Finding innovative financing strategies can be worthwhile, especially if they lead to multi-unit franchise ownership. One method you may want to look into involves the use of retirement funds to invest in some of the nation's most attractive franchises.
Cooper and his partner Karen Franklin, CPA, have been utilizing this strategy for some time with individuals who have large sums of money in their pension accounts. Cooper is president and Franklin, vice president and chief financial officer of SDCooper Company in Huntington Beach, California.
Cooper, Franklin and a staff of experts have developed a way to move money locked in retirement accounts as an equity investment directly into new or established corporations without incurring early distribution penalties, income taxes, or loans. Cooper says once the funds are freed up they may be used to purchase franchises, property, equipment, or as working capital.
The company has completed 350 ERSOP Profit Sharing 401(k) plans for clients and nearly 50 percent own franchises. These include such well-known franchise companies as AAMCO, Ace Hardware, Signs by Tomorrow, Molly Maids, and Quiznos.
The details of the plan
Here's how "ERSOPs" (entrepreneur rollover stock ownership plans) work: SDCooper Company asks investors to incorporate as regular corporations and have the new corporation adopt a new profit sharing 401(k) plan that it designs with the enabling language.
Once this is accomplished, the investor rolls over funds from a 401(k) plan or an IRA (or rollover IRA, SEP, Keogh, etc) into the new profit sharing 401(k) plan. In order to be eligible for a rollover from an employer's retirement or 401(k) plan, the investor must have terminated employment with his or her employer.

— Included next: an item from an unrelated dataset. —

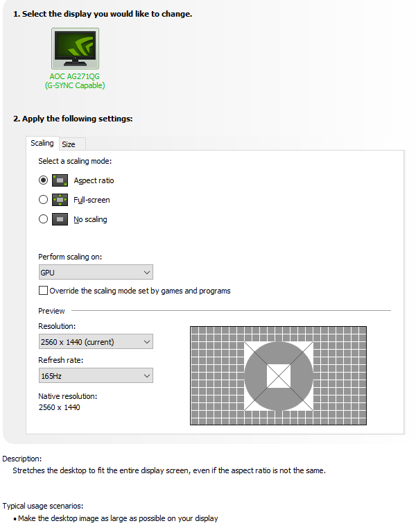 Ich habe einen 1440p-Monitor und würde gerne zum Spielen mit der Nintendo Switch nur die mittleren 1080p des Monitors verwenden für ein besseres Bild. Skalierung von 1080p zu 1440p macht das Bild pixeliger und unschärfer.

The investor is essentially investing the funds into the stock of the new corporation. Afterwards, the C corporation can use the money to purchase a new or existing franchise.
Cooper says this ERSOP strategy encompasses several assumptions. "First, we assume that in five to ten years the investor will want to sell the franchise in a tax efficient manner." Another important assumption is "that the next buyer will probably prefer to purchase assets of the company and not stock," he explains.
Under current tax law, the corporation will probably need to elect S corporation status within the first two to five years to prepare for a tax efficient exit strategy. By switching to the S corporation, the investor is not hit with an excessive federal tax bill. This would be the scenario if the company remained a regular corporation. Most of the gain will flow through as capital gains.
To prepare for the switch to S corporation status, the corporation should accumulate retained earnings over the first two to four years. With that accumulated cash plus some borrowing (if necessary), the corporation then repurchases the stock from the plan rollover account. Says Cooper: "With the stock retired, the corporation may elect S corporation status with minimal adverse tax consequences."
The stock sale also requires the franchisor to get a formal valuation of the franchise. "We need third-party valuation to satisfy the IRS that the corporation paid fair market value for the shares," says Cooper. In addition, switching to S corporation status freezes the built-in gains as required under Section 1374 of the Internal Revenue Code.
Cooper says the corporation generally retires its stock within two to five years after starting this program. With the cash back in their profit sharing 401(k) plan rollover account, many decide the best investment of the funds is to put them into unit number two or another franchise. In this way the investor is on his or her way to becoming a multi-unit franchise owner.
One of SDCooper Company's clients has purchased three existing franchise units in the first stage of his investing and is now working on unit five. Most of the company's clients have large retirement accounts and "if they were to pull that money out of their retirement accounts, it would be a tax disaster," he says.
Although the plan is pre-approved (with the appropriate language) with a favorable determination letter, SDCooper Company requests an individual "favorable determination letter" from the IRS for each plan. Cooper says the IRS has issued a favorable determination letter for each one of the 350 plans the company has successfully completed.
The company charges a flat fee for setting up the plan and then the investor's corporation pays an annual fee that covers administration of the plan, preparation of benefit statements, and annual returns to the IRS. "This is true retirement planning by pension professionals who understand and appreciate franchises," he maintains.
If you are interested in finding out more about this type of financing, you can contact Steve Cooper or CPA Karen Franklin at 866-693-7767.
A note on the SBA 7(a) program
The Small Business Administration's 7(a) program was temporarily suspended for about a week recently because the agency ran out of funding. The 7(a) program provides small businesses including franchise owners, with loans from SBA-approved banks. Under the program, the lender receives a federal guarantee of up to 95 percent of the loan.
The SBA recently announced that it has started accepting applications for loan guarantees under Section 7(a) again. The maximum loan size will be $750,000 during fiscal 2004 until further notice.
The SBA is reopening with an additional $470 million in lending authority under a continuing resolution. Once the SBA receives its full year's appropriation, it expects to be able to keep the program running without interruption.